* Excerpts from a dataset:

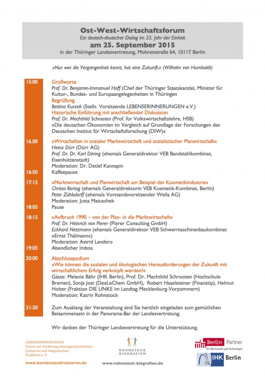 Der Verein zur Förderung lebensgeschichtlichen Erinnerns und biografischen Erzählens e.V. erkundet seit drei Jahren die DDR- Wirtschaftsgeschichte aus der Perspektive ihrer Kapitäne und initiierte anlässlich des 25. Jubiläums der Deutschen Einheit ein Wirtschaftsforum, bei dem Wirtschaftslenker beider ehemaligen, deutschen Staaten zu Wort kamen. Diese Charaktere wurden eingeladen, um anhand ihrer Erfahrungen in großen Wirtschaftseinheiten über zukünftige Ökonomie zu diskutieren.
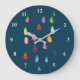 Cute raindrops colorful rain art large clock
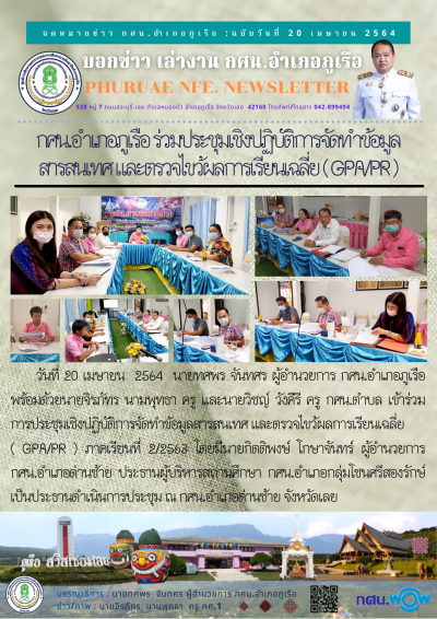 กศน.อำเภอภูเรือ ร่วมประชุมเชิงปฏิบัติการจัดทำข้อมูลสารสนเทศ และตรวจไขว้ผลการเรียนเฉลี่ย ( GPA/PR )
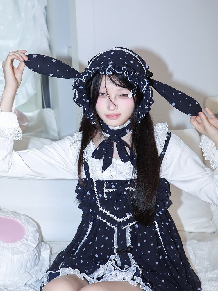 Navy Star Print Trim Bonnet White Blue Chiffon Bunny with Lace Ear
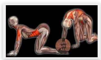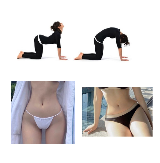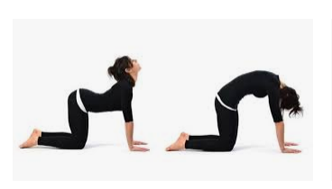 양손과 무릎은 어깨 넓이 정도로 바닥을 짚어주시고, 고개를 뒤로 젖히면서 숨을 들이마시며 엉덩이또한 하늘로 향하게 해줍니다.  숨을 내뱉으며 머리를 숙이고 어깨와 등을 말아서 복부를 당겨 허리를 하늘위로 들어주는 자세를 취합니다.
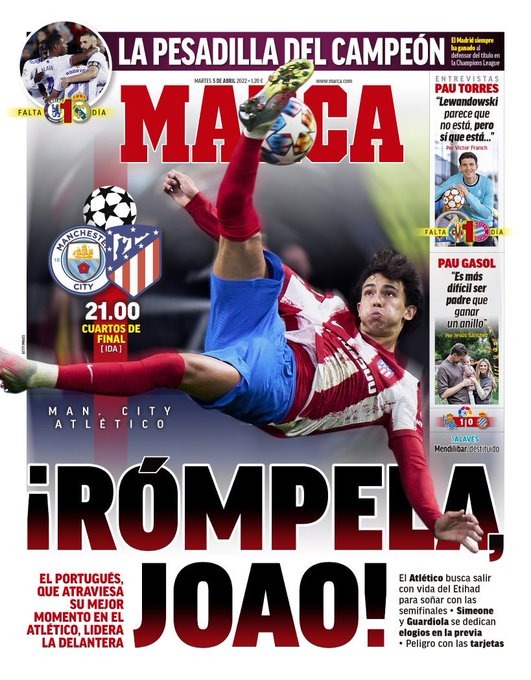 عنونت ماركا في غلافها بـ كابوس البطل، حيث أوضحت الصحيفة أن تشيلسي كابوس ريال مدريد في دوري أبطال أوروبا، حيث سقط الملكي أمام تشيلسي في المواجهات الرسمية الـ 5.

* PROBLEM DETAILS:
Exactly the lines from the one that contains "양손과 무릎은 어깨 넓이" to the last line of the data, both included, should be set down, and no pictures should appear among them.

* RESPONSE TO THE TASK:
 양손과 무릎은 어깨 넓이 정도로 바닥을 짚어주시고, 고개를 뒤로 젖히면서 숨을 들이마시며 엉덩이또한 하늘로 향하게 해줍니다.  숨을 내뱉으며 머리를 숙이고 어깨와 등을 말아서 복부를 당겨 허리를 하늘위로 들어주는 자세를 취합니다.
 عنونت ماركا في غلافها بـ كابوس البطل، حيث أوضحت الصحيفة أن تشيلسي كابوس ريال مدريد في دوري أبطال أوروبا، حيث سقط الملكي أمام تشيلسي في المواجهات الرسمية الـ 5.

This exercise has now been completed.